The fight over Intro 1107 has become a proxy battle over the future of New York City’s neighborhoods. On one side are tenants, immigrant communities and socialists arguing that housing is a human right and should not be turned into a profit machine. On the other are homeowners, Airbnb executives and some elected officials emphasizing property rights and tourism dollars. The Adams administration has sided clearly with the former standpoint, warning against any loosening of rules that “drive up rents” and displace working-class New Yorkers.

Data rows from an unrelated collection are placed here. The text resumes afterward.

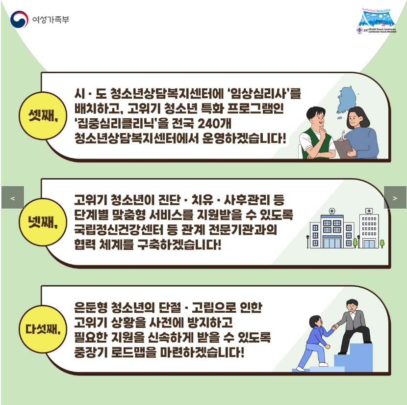 home 맘편한 내★일, 광주아이키움2.0 결혼·임신·출생 영유아 초·중·고 다양한 가족 일생활균형 커뮤니티 아동돌봄지원 소통방 나눔방 광주 아이키움 상담방 돌봄정보방 성폭력 피해 상담 및 사건지원 공지사항 이벤트소식 참여게시판 카드뉴스 동영상 아이키움 칼럼 성평등 육아웹툰 로고&캐릭터 [여성가족부] 청소년 마음건강을 돌보겠습니다 등록일 : 2023-03-22 10:24 작성자 : 운영자 조회수 : 711 첨부파일 화면 캡처 2023-03-22 102309.png 다운로드 목록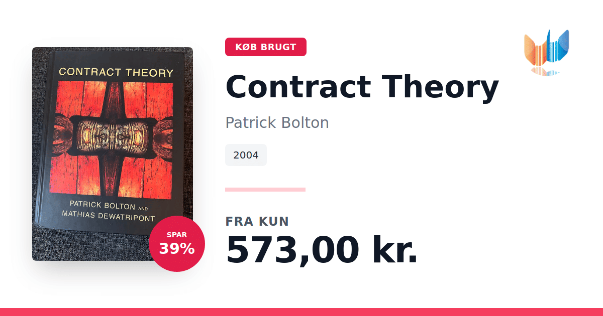 Lige nu kan du købe "Contract Theory" af Patrick Bolton til kun 573,00 kr. Du sparer hele 39% af nyprisen! Bogen du ser her er brugt, og i perfekt stand. Vi har i øjeblikket 3 eksemplarer til salg af "Contract Theory", så husk at se de forskellige udgaver.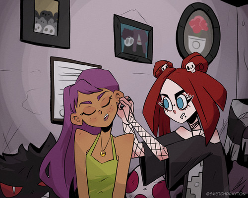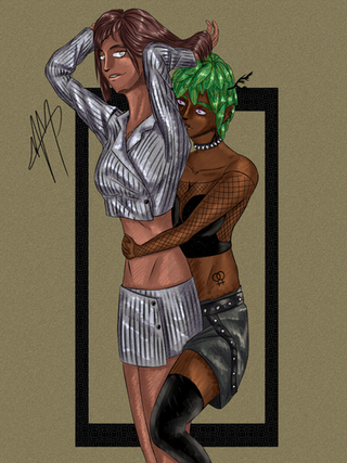 #digitalart #originalcharacter #bluehair #braid #lingerie #overalls #punkgirl #redhair #buttslap #seethroughlingerie #officefantasy

As the Council debates the bill’s fate, the outcome will speak volumes about political power in the city. Many housing activists vow to hold elected officials accountable — through protests, community meetings, and, if necessary, through the courts — to ensure that affordable housing and tenant protections prevail over corporate profits. In their view, the measure should “protect our housing and our communities” (source) — not open new avenues for speculative real estate investment.